Diante daquilo que representava a real imagem ficou impossível não me lembrar da rainha – bruxa, na historinha da Branca de Neve – “Espelho, espelho meu, existe alguém mais bela do que eu?”
Logicamente, que não me atrevi a repetir tal pergunta, de repente podia ouvir algo desagradável e ficar ainda pior. Mas, como sou brasileira e não desisto nunca, dei umas boas gargalhadas, e isso resolveu, temporariamente, o meu problema! Acho.
Entre um afazer e outro, vez por outra, me pegava frente ao meu “amigo espelho”, descobrindo novas marcas do tempo.
Embora tenha sacudido a cabeça, na intenção de espanar para longe as preocupações inerentes ao meu atual estado estético, ainda assim me encontrava indignada. Em consequência disso, fiquei olhando para o meu reflexo no espelho, mesmo que, com a imagem invertida, pensando se a sua função – a do espelho –, seria apenas essa mesmo, ou seja, alertar as pessoas vaidosas que o tempo não perde tempo!

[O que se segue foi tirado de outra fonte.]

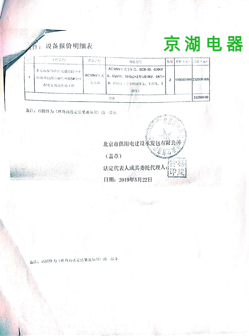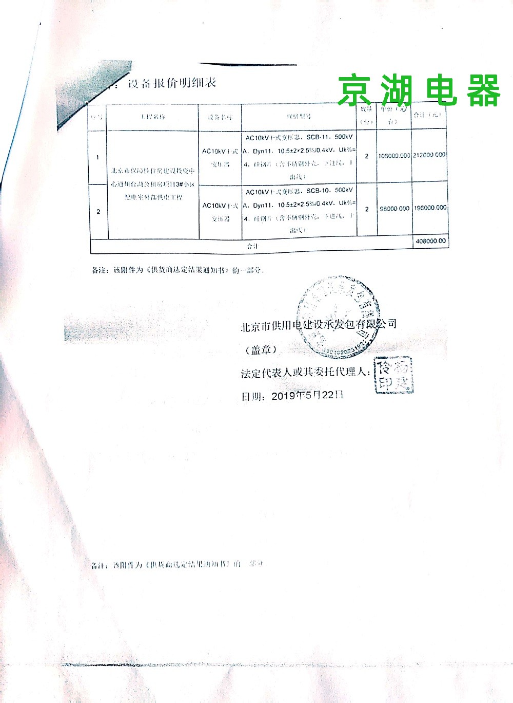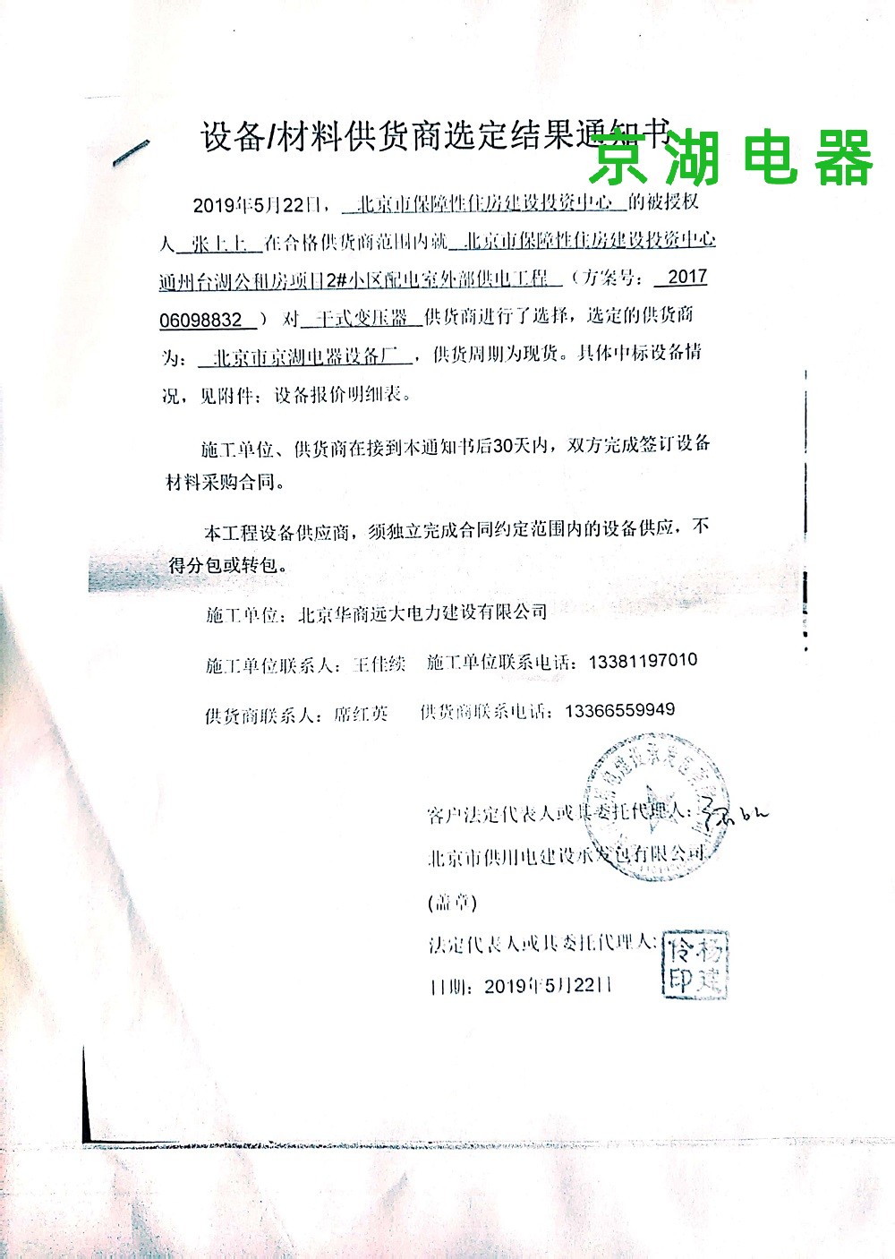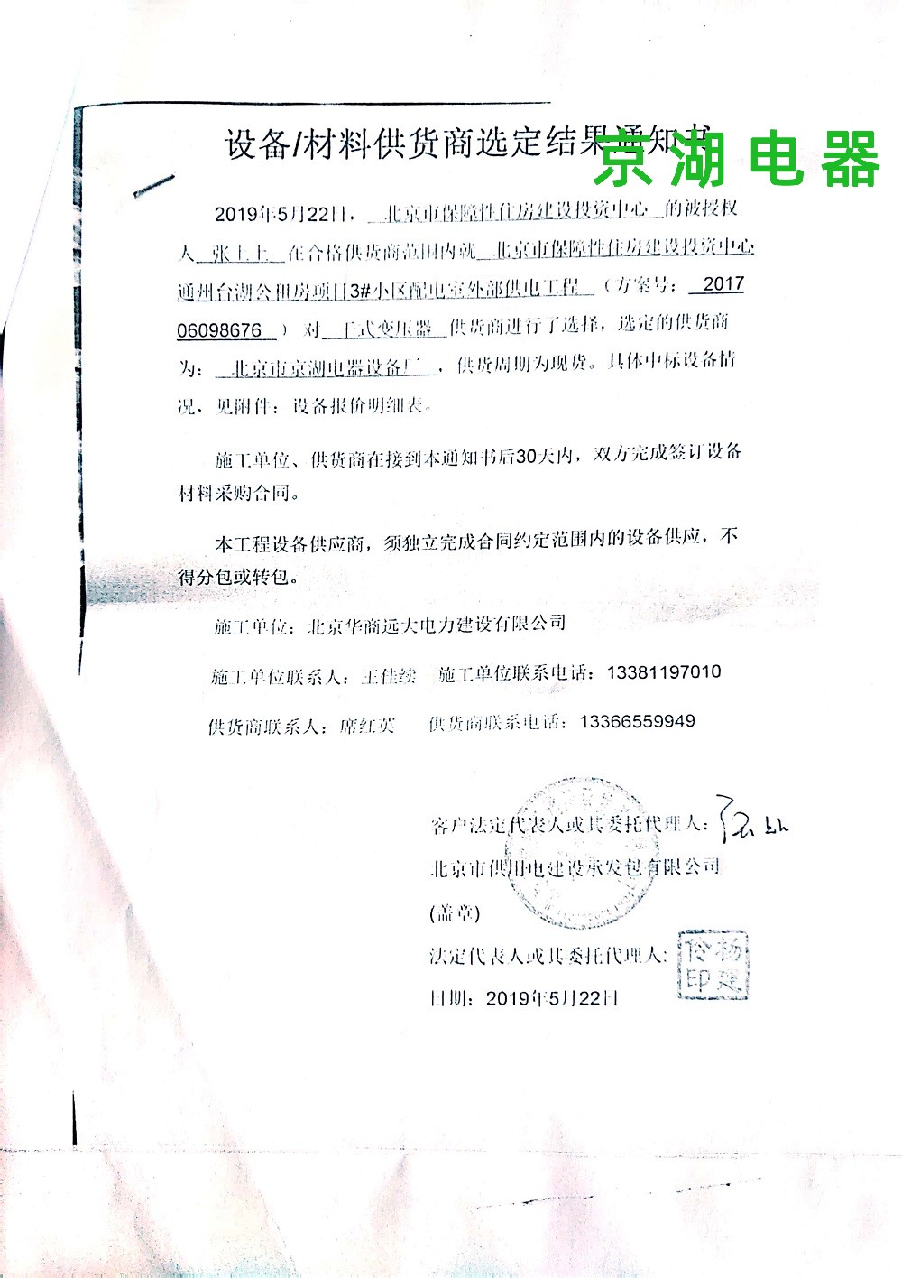 北京市保障性住房建設(shè)投資中心 供貨商選定結(jié)果通知書(shū) 2019年5月22日
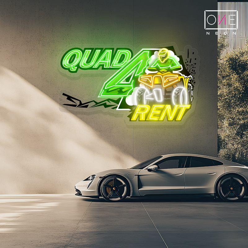 Illuminate any space with the Quad 4 Rent Artwork LED Neon Sign – perfect for creating a vibrant, modern ambiance....

Às vezes quero crer que sim, pois o uso de espelhos pelas mulheres, remonta aproximadamente ao ano de 6000 a.C., sem contar que o uso dos espelhos d’água para refletir imagens é mais antigo ainda, pois desde que o mundo é mundo se sabe do seu uso.
Dizem ainda que os primeiros espelhos eram de cobre, e foram fabricados na Mesopotâmia. A China passou a fabricá-los com bronze; e, só no ano de 77 d.C., passaram a ser confeccionados com vidro e uma lâmina de ouro em um dos seus lados. Com certeza, nessa época o objetivo era atender apenas a vaidade humana. Posteriormente, o ouro foi substituído por outras substâncias, dentre elas o alumínio e a prata, barateando assim o seu custo.
Antigamente, os móveis, de um modo em geral, exibiam um exagero impressionante de espelhos no seu layout. Eram comuns em guarda-roupas, penteadeiras, cristaleiras, porta-chapéus, etc.
Minhas lembranças me reportam ao período da infância, quando, nos dias de chuva, minha mãe corria de um lado para outro cobrindo aquela infinidade de espelhos, pois dizia que atraiam raios.
Bem, se o espelho, em algum tempo, foi apenas mais um acessório da toalete feminina, não sei; mas, hoje, com certeza, se faz uso deles em inúmeras situações.
Na arquitetura, os espelhos são utilizados para valorizar ambientes, bem como ampliar espaços pequenos. Na arte milenar, da decoração e harmonização de ambientes – Feng Shui –, os espelhos se fazem presentes de forma especial; em alguns dos ramos da Física também presenciamos o uso de espelhos; enfim, não pretendo me estender nesse particular.
O que posso afirmar, com certeza, é que o espelho sempre teve um “quê” de especial na minha vida. Fosse por causa dos medos dos raios, ou quando ainda meninota fazendo caras e bocas e rindo de mim mesma ou, depois, quando jovem, me embelezando para a vida. Ou, como hoje, para conferir minhas medidas e, agora, também as rugas.
Mas é para refletir o meu avesso, que mais gosto dele, ou seja, quando procuro nele o meu “EU” verdadeiro, não apenas a imagem exterior refletida, mas o que sou em essência!
Nada é mais verdadeiro do que a própria imagem refletida no espelho, literalmente.
Quando estiver diante de um, procure ver além do seu reflexo.